◆ **TASK TO COMPLETE**
An exact transcription of all the data is required; the pictures are to be left out.

◆ **DATA BELOW**
=== Begin Enclosure ===
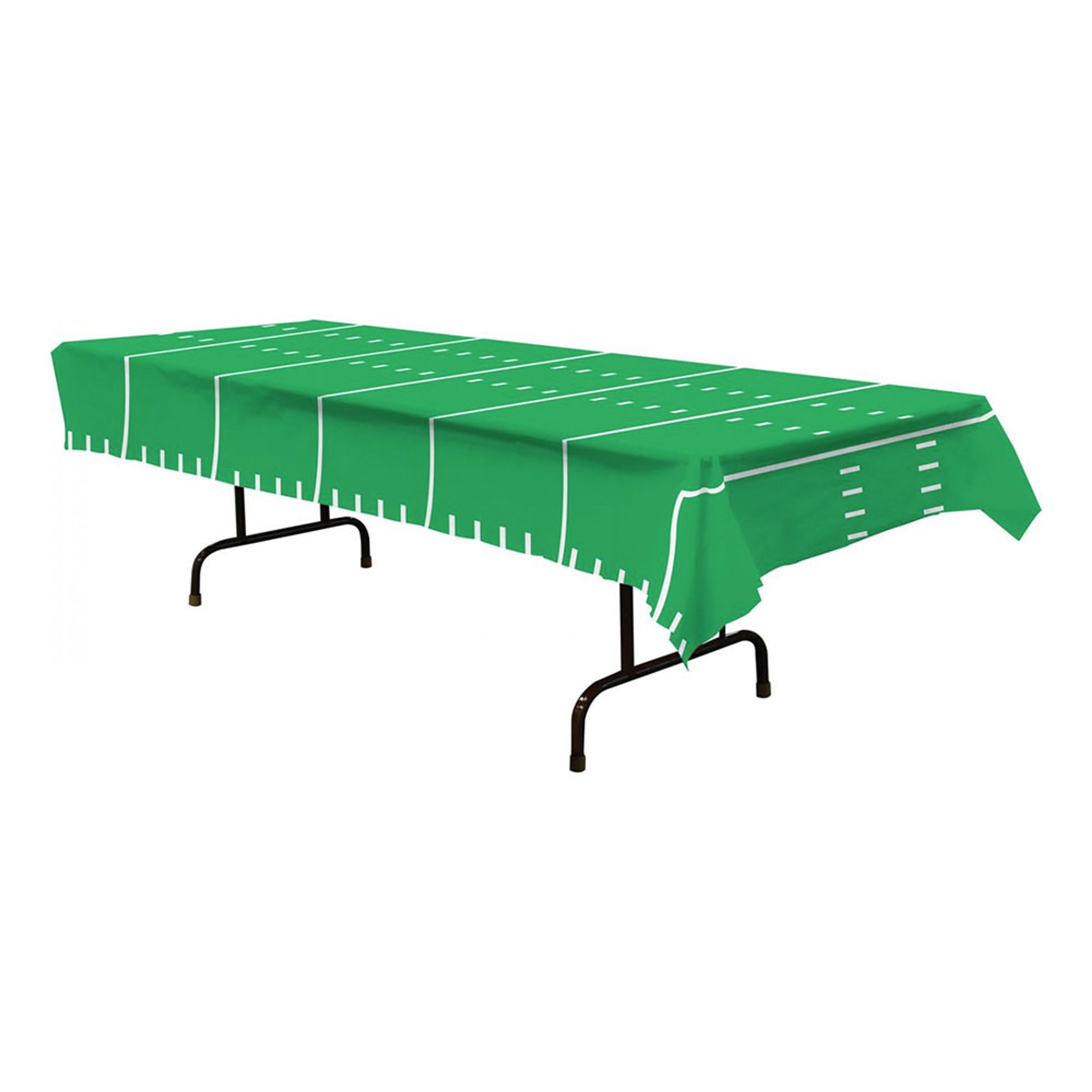 Bordsduk Amerikansk Fotbollsplan är en plastduk med måtten 137 x 274 cm. Den är grön som gräs och har vita streck, precis som en amerikansk fotbollsplan. Observera att duken är något genomskinlig då den är av tunt plastmaterial.
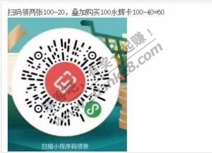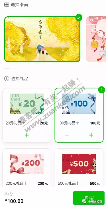 微信识别第二个码,进入购买流程,选择一张100的礼品卡进行付款,付款之前,能够看到满减界面。
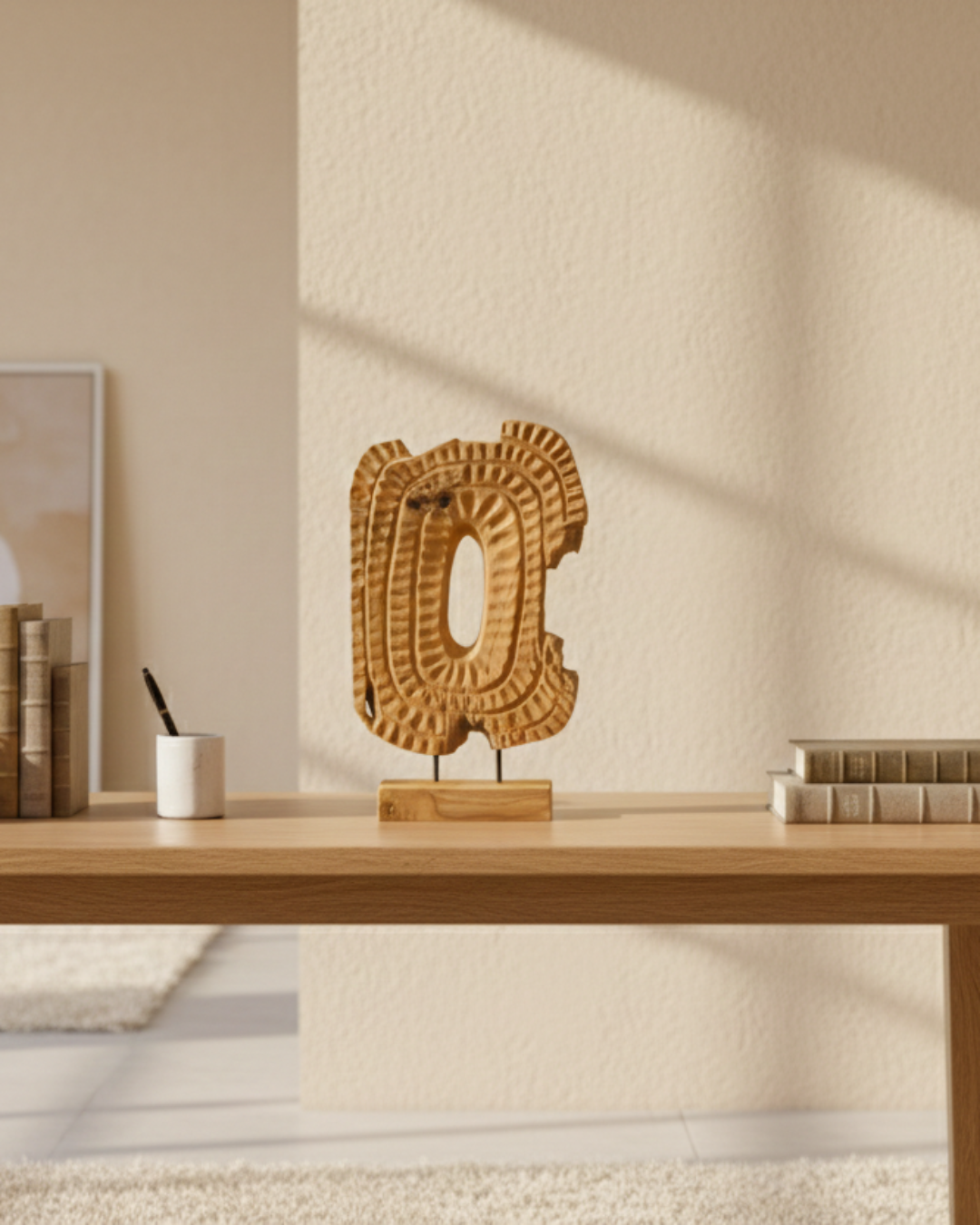 The Eldora is a captivating sculptural statement handcrafted from premium teak wood in a warm natural finish, featuring a rugged, organic silhouette with hand-carved concentric textures and intentional raw edges. Measuring 38 x 10 x 58 (H) cm, this artistic piece showcases a hollow-core design that celebrates the wood's authentic imperfections and grain. Mounted on a minimalist dual-rod metal stand and a solid matching wood base, it serves as a sophisticated focal point for modern, rustic, or bohemian-inspired interiors.
=== End Enclosure ===
◆ **EXERCISE ANSWER**
 Bordsduk Amerikansk Fotbollsplan är en plastduk med måtten 137 x 274 cm. Den är grön som gräs och har vita streck, precis som en amerikansk fotbollsplan. Observera att duken är något genomskinlig då den är av tunt plastmaterial.
 微信识别第二个码,进入购买流程,选择一张100的礼品卡进行付款,付款之前,能够看到满减界面。
 The Eldora is a captivating sculptural statement handcrafted from premium teak wood in a warm natural finish, featuring a rugged, organic silhouette with hand-carved concentric textures and intentional raw edges. Measuring 38 x 10 x 58 (H) cm, this artistic piece showcases a hollow-core design that celebrates the wood's authentic imperfections and grain. Mounted on a minimalist dual-rod metal stand and a solid matching wood base, it serves as a sophisticated focal point for modern, rustic, or bohemian-inspired interiors.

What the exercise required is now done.